Die Vorsorge bzw. Therapie berücksichtigt die individuell vorhandenen Risikofaktoren. Von Wichtigkeit, gerade bei der Vorsorge, ist die Balance der weiblichen Geschlechtshormone: Über die Laboruntersuchung Estronex (Ganzimmun) können Risikoöstrogene identifiziert und ggfs. therapeutische Maßnahmen getätigt werden.

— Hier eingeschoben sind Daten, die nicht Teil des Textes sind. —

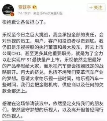 (上午说“尽责到底”,下午辞去一切!请注意:贾是一月前计划悄无声息得先辞乐视控股,一个月后人安全到美国后才公告辞职乐视网!哈哈,孙宏斌估计都懵了!地产干得再牛也想不到互联网水这么深吧!)
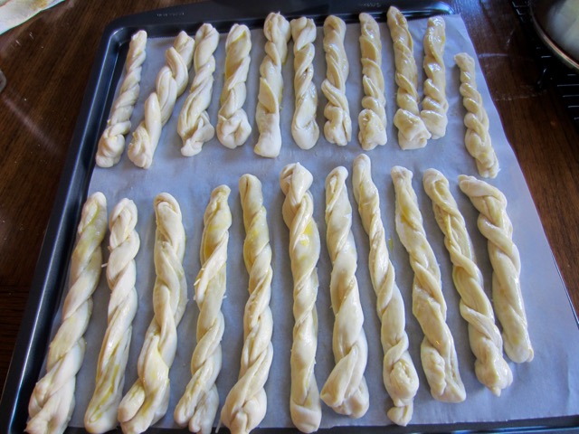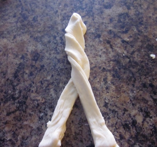 8. Take one strip and extend it to about 16 inches then make a fold in the middle.Twist the two sides and place on prepared baking sheet. Repeat this step for the rest of the strips.
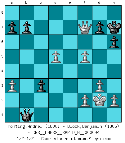 Last move : 1/2-1/2 2008 September 11 15:56:18 [Event "FICGS__CHESS__RAPID_B__000094"] [Site "FICGS"] [Date "2008.07.03"] [Round "1"] [White "Ponting,Andrew"] [Black "Block,Benjamin"] [Result "1/2-1/2"] [WhiteElo "1800"] [BlackElo "1806"] 1.d4 e6 2.c4 Nf6 3.Nc3 Bb4 4.Bg5 c5 5.d5 h6 6.Bh4 d6 7.e3 O-O 8.Bd3 exd5 9.cxd5 Nbd7 10.Nge2 Ne5 11.O-O Ng6 12.Bg3 Nh5 13.Nf4 Ngxf4 14.Bxf4 Nxf4 15.exf4 Qf6 16.Qd2 Bf5 17.Bxf5 Qxf5 18.a3 Bxc3 19.bxc3 Rfe8 20.g3 Re7 21.Rfe1 Rae8 22.c4 Rxe1+ 23.Rxe1 Re4 24.Rxe4 Qxe4 25.Qa5 Qxc4 26.Qd8+ Kh7 27.Qxd6 Qc2 28.Qd7 c4 29.Qxf7 c3 30.f5 Qb1+ 31.Kg2 1/2-1/2 Queen's pawn Kingside Castling by player Black (move 7) Kingside Castling by player White (move 11) This chess game ended in a draw. Follow this game move after move (download)Chess is so inspiring that I do not believe a good player is capable of having an evil thought during the game. (Wilhelm Steinitz) Es hat in meinem Leben Zeiten gegeben, in denen das Schachspiel, wenn nicht zum Lebenszweck, so doch zu einem regelrechten Lebensersatz geworden ist. Man fühlt sich in solchen Zeiten nicht so, als besäße man eine göttliche Gabe, sondern eher so, als sei man von ihr besessen. (Garry Kasparov) EL Ajedrez es como la vida. (Boris Spassky) Si rien de grave n'est détecté lors de l'analyse d'une position, on joue alors le coup. Seconde règle de Blumenfeld. There are two kinds of people in the world, my friend. Those who have a loaded gun and those who dig. You dig ! (Blondie in The Good, The Bad and The Ugly)

Die Häufigkeit des Brustkrebses ist weltweit sehr unterschiedlich, besonders Japanerinnen und Koreanerinnen sind auffällig seltener davon betroffen, als Frauen in westlichen Nationen. Weiterhin haben Migrationsstudien gezeigt, dass sich die Brustkrebsrate bei einwandernden Asiatinnen, die den westlichen Lebensstil annehmen, angleicht. Somit ist der Faktor Umweltbedingungen, wozu auch der Lebens- und Ernährungsstil gehört, sehr bedeutend. Die hohe Aufnahme von Soja-Isoflavonen (Misosuppe), Jod (Sushi, Algensalat), Omega-3-Fettsäuren (Seafood) und sekundären Pflanzenstoffen (Gemüse) mit der traditionellen japanischen Ernährung führt zu einem schlanken Habitus und hat offensichtlich präventiven Einfluss.